For his study in Sweden, he and colleagues pulled data from the nation's comprehensive health registry systems. Each of the 29,617 MS patients identified was matched on the basis of birth year, sex, and county of residence at the time of MS diagnosis from a pool of 300,000 healthy controls. Also, census data provided educational attainment for patients and controls.

The results confirmed a nearly doubled risk of completed suicide among the patients (adjusted HR 1.87, 95% CI 1.53-2.30). And it also supported the investigators' hypothesis that suicide attempts (measured via ICD-7/8/9/10 codes for self-poisoning and intentional self-injury) were increased as well at a similar magnitude.

Attempts were seen at a rate of about 116 per 100,000 population among MS patients, compared with 50.8 per 100,000 among controls.

Subgroup analyses, though, provided some interesting findings and questions for future research, Brenner indicated. For example, attempts were more common -- by about 30% -- among female versus male MS patients, and among female versus male controls as well. Increased educational attainment tended to decrease the risk of suicide attempts in both patients and controls.

He also noted that excluding patients with a history of suicide attempts prior to MS diagnosis did not change any of the patterns seen in the primary analyses.

A different picture emerged when completed suicides were considered. Rates were markedly lower among female versus male patients (ratio 0.38), and higher educational attainment did not reduce the risk of completed suicide among patients, whereas it did among controls.

Brenner speculated that, among patients, the "adverse life events" that come with MS hit the educated just as hard as those with less education and make them just as likely to commit suicide.

But he said that clinical details (such as type of MS and medication history) were lacking in the registry data and that this was a noteworthy limitation.

The study by Ramagopalan and colleagues had a roughly similar design: it examined hospitalization and death registry data covering some 50 million people in England from 1999 to 2011. Included were some 82,000 individuals with a diagnosis of MS who had been hospitalized during the period, along with a control population of about 9.1 million who had been seen in hospitals for other "mainly minor" conditions such as ingrown toenail or otitis externa.

Every subgroup the researchers analyzed -- by gender, age at admission, and time since MS diagnosis -- showed an increased risk of self-harm among MS patients versus controls.
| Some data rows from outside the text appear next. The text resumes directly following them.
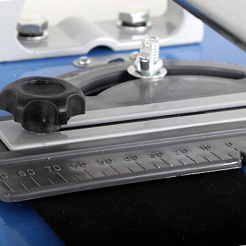 Основание ∎ усиленная стальная станина толщиной 2 мм с обрезиненной рабочей поверхностью обеспечивает высокую устойчивость инструмента при работе и неподвижность разрезаемой плитки. Трубчатые направляющие изготовлены из хромированной стали с антикоррозионным покрытием, обеспечивают свободный ход каретки в процессе резки. Градуированная выносная линейка-угольник применяется для резки плитки под углом до 45 градусов, а также регулирует размер и дополнительно фиксирует отрезаемую заготовку.
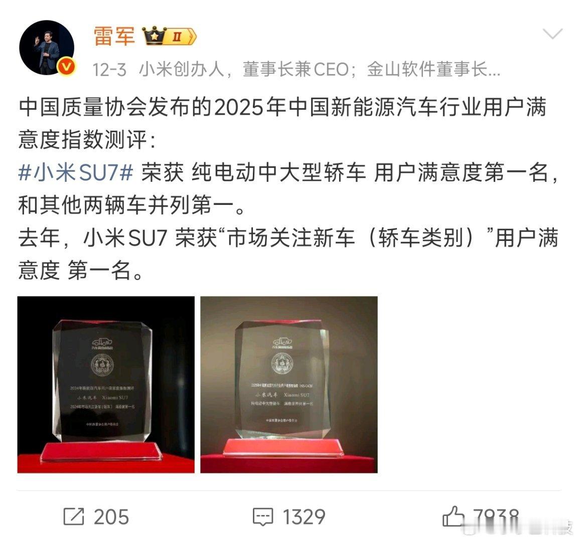两天前,雷军发了一条博文,内容是中国质量员协会公布了2025年中国新能源汽车行业用户满意度,小米SU7连续两年获得用户满意度第一。然后,有一波经常嘲讽小米群体把这质量协会说的很不堪,又说只有小米宣传,友商什么9也获奖了,又说雷军是副会长等等。就在今天,比亚迪高管也发布了质量协会的内容,比亚迪汉L 系列也获奖了。真不知道那群人的脑袋是怎么长的,明显的好事,为什么不能讲,你不讲也不允许别人讲,还说人家协会怎样怎样,真是狗拿耗子,多管闲事。
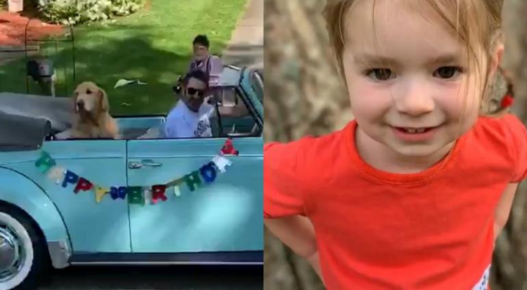 Vecinos organizaron el desfile de perros para que la niña de 3 años, amante de los animales festejara su cumpleaños durante la cuarentena en EU.
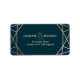 A modern wedding address label, features a "faux foil" gold rose geometric pattern over a dark turquoise background. All your details are spelled in a beautiful modern typo.
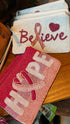 Believe and Hope seed bead wrist purse. Perfect for storing you make up, jewelry, etc.
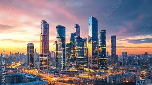 © Galib, Fototapeta premium Moscow skyline with skyscrapers at sunset.
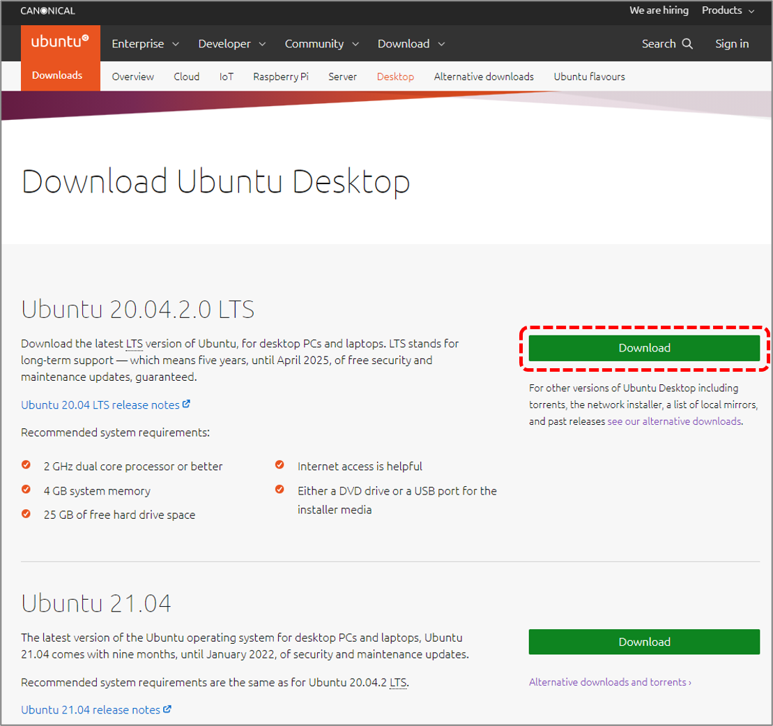 Ubuntu 20.04 LTS 버전을 설치하기 위해서 아래 링크에 접속하여 설치파일을 다운로드하고 임의의 폴더에 해당 파일을 저장합니다.

The same was true for completed suicides, for which the relative risk overall was 1.86 (95% CI 1.37-2.47), nearly identical to the rate seen in the Swedish study.

The British researchers noted that they, too, lacked data on specific MS types or other characteristics, and also that reliance on hospital records limited the study's applicability to patients whose conditions never warranted hospitalization.

Disclosures

The Swedish study had no direct commercial funding, but some authors were employees of Novartis. Other authors reported relationships with Novartis, Teva, Biogen Idec, Sanofi, Merck-Serono, Roche, and Bayer-Schering.

Authors of the U.K. study declared they had no relevant financial interests, other than Ramagopalan's employment with Evidera.

Primary Source

European Committee for Treatment and Research in Multiple Sclerosis

Brenner P, et al "Multiple sclerosis and risk of completed and attempted suicide - a national cohort study" ECTRIMS 2015; Abstract 1901.

Secondary Source

European Committee for Treatment and Research in Multiple Sclerosis

Ramagopalan S, et al "Risk of self-harm and suicide in people admitted to hospital with multiple sclerosis: record-linkage study" ECTRIMS 2015; Abstract 404.